- Weeks 1-4: Water houseplants with tepid water. Cold tap water may shock plants.
- Weeks 1-4: Be sure newly purchased indoor plants are well protected for the trip home. Exposure to icy temperatures for even a few moments may cause injury.
- Weeks 1-4: Overwintering geraniums like bright light and cool temperatures. Keep soils on the dry side.
- Weeks 1-4: On cold nights, move houseplants back from icy windows to prevent chilling injury.
- Weeks 1-4: Hairspray works well to keep seed heads and dried flowers intact on wreaths and arrangements.

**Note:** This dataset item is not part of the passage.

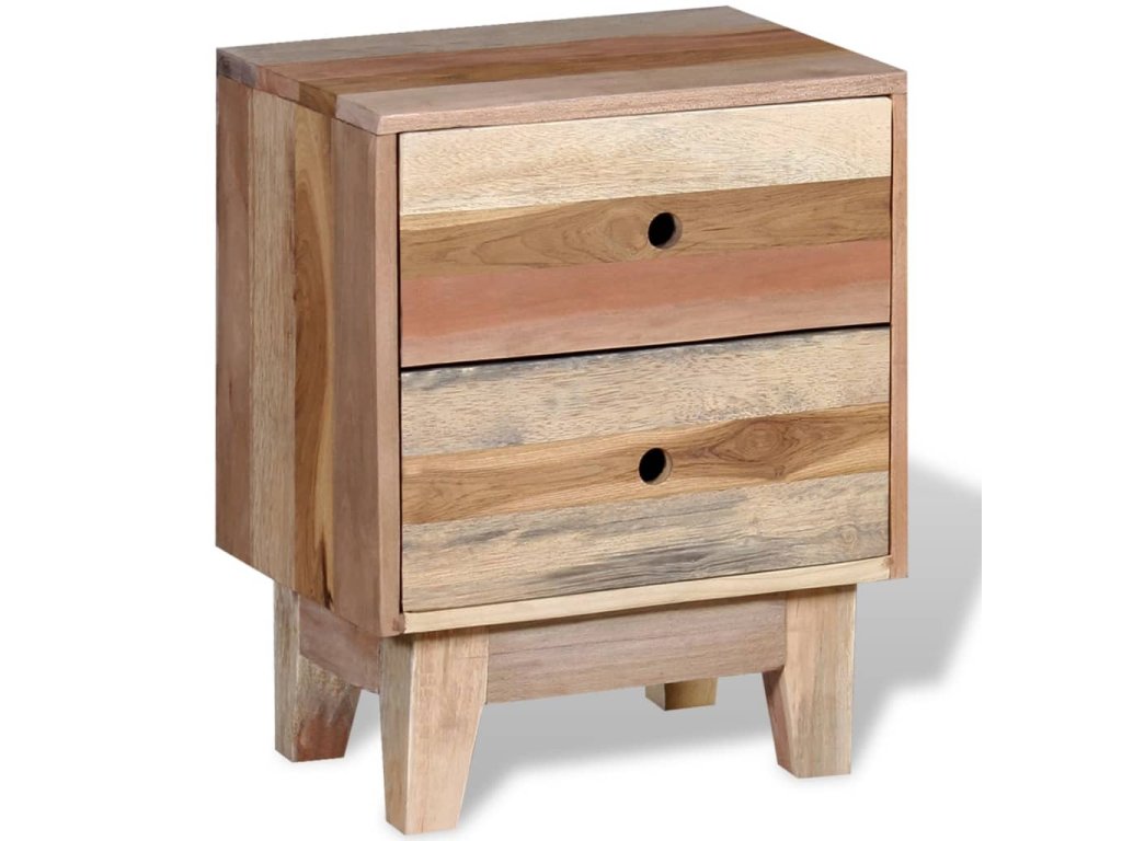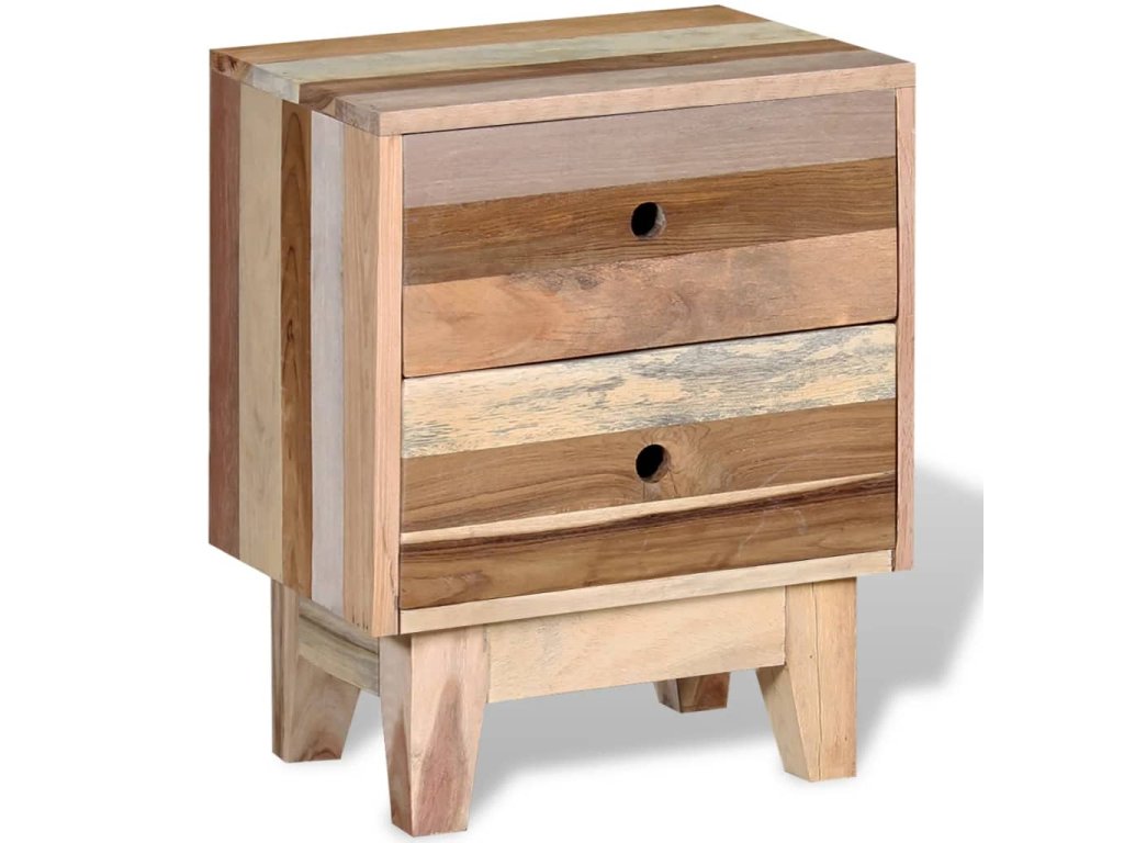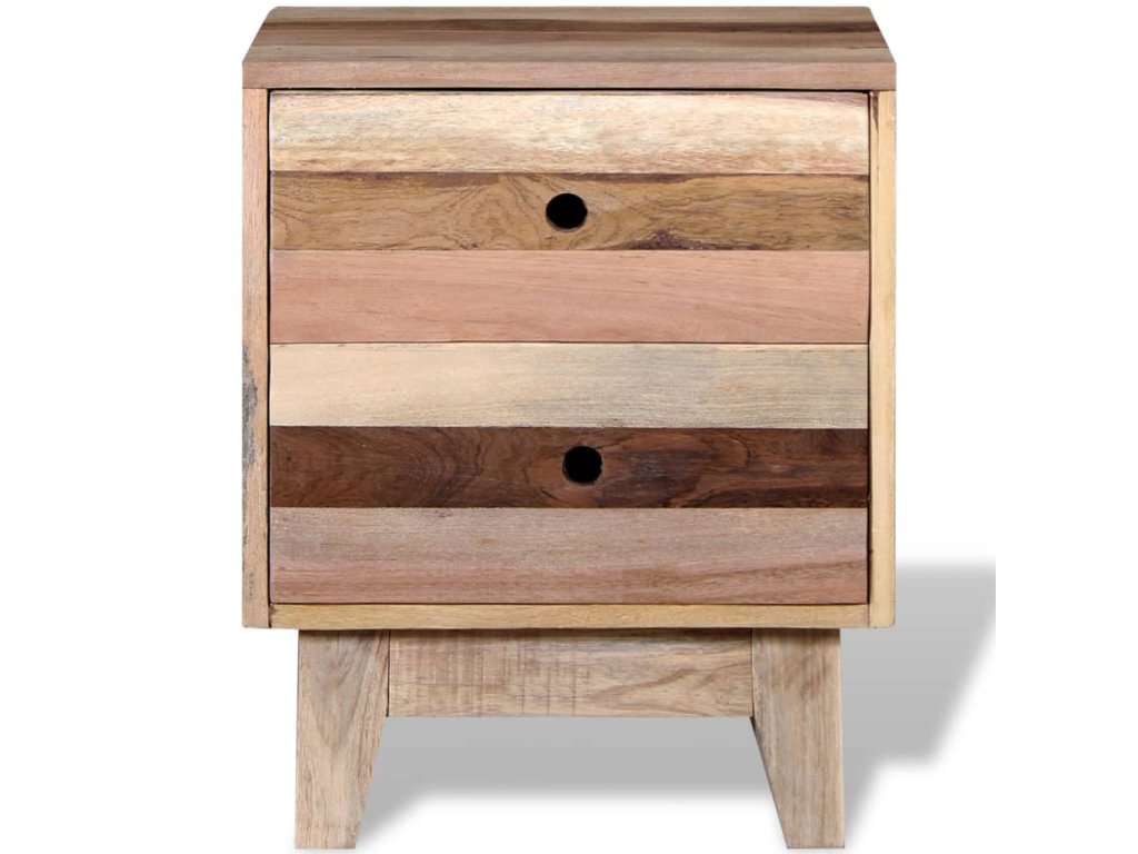Tento noční stolek se 2 zásuvkami je vyroben z masivního recyklovaného dřeva a vyzařuje vintage šarm, takže bude stylovým doplňkem do vašeho interiéru. Odlišnosti ve struktuře a barvě dřeva dávají tomuto kusu nábytku jedinečný charakter.

- Weeks 1-4: If you plan to have a live Christmas tree, dig the planting hole before the ground freezes. Mulch and cover the backfill soil and the planting hole to keep them dry and unfrozen. When you get the tree, store it outdoors in a cool, shady, windless area until the last minute and mulch the roots to prevent cold injury. Don’t allow the tree’s roots to become dry and spray the needles with an anti-transpirant to reduce moisture loss. Set the tree up in your coolest room. Don’t keep the tree indoors for more than one week and plant outdoors promptly.
- Weeks 1-4: Be sure the root zones of azaleas and rhododendrons are thoroughly mulched. Any organic material will do, but mulches made from oak leaves, shredded oak bark, or pine needles are preferred.
- Weeks 2-4: Holiday poinsettia plants do best with sun for at least half the day and night temperatures in the 50’s or 60’s. Keep plants away from drafts, registers and radiators and let the soil should dry only slightly between thorough waterings. Be sure to punch holes in decorative foil wraps to prevent soggy soil conditions.
- Weeks 1-3: Christmas trees hold needles longer if you make a clean, fresh cut at the base and always keep the trunk standing in water.
- Weeks 1-3: Only female holly trees bear the colorful berries. There must be a male tree growing nearby for pollination, if fruits are desired.
- Weeks 1-3: Hollies may be trimmed now and the prunings used in holiday decorations.
- Week 1: Apply mulches to bulbs, perennials and other small plants once the ground freezes.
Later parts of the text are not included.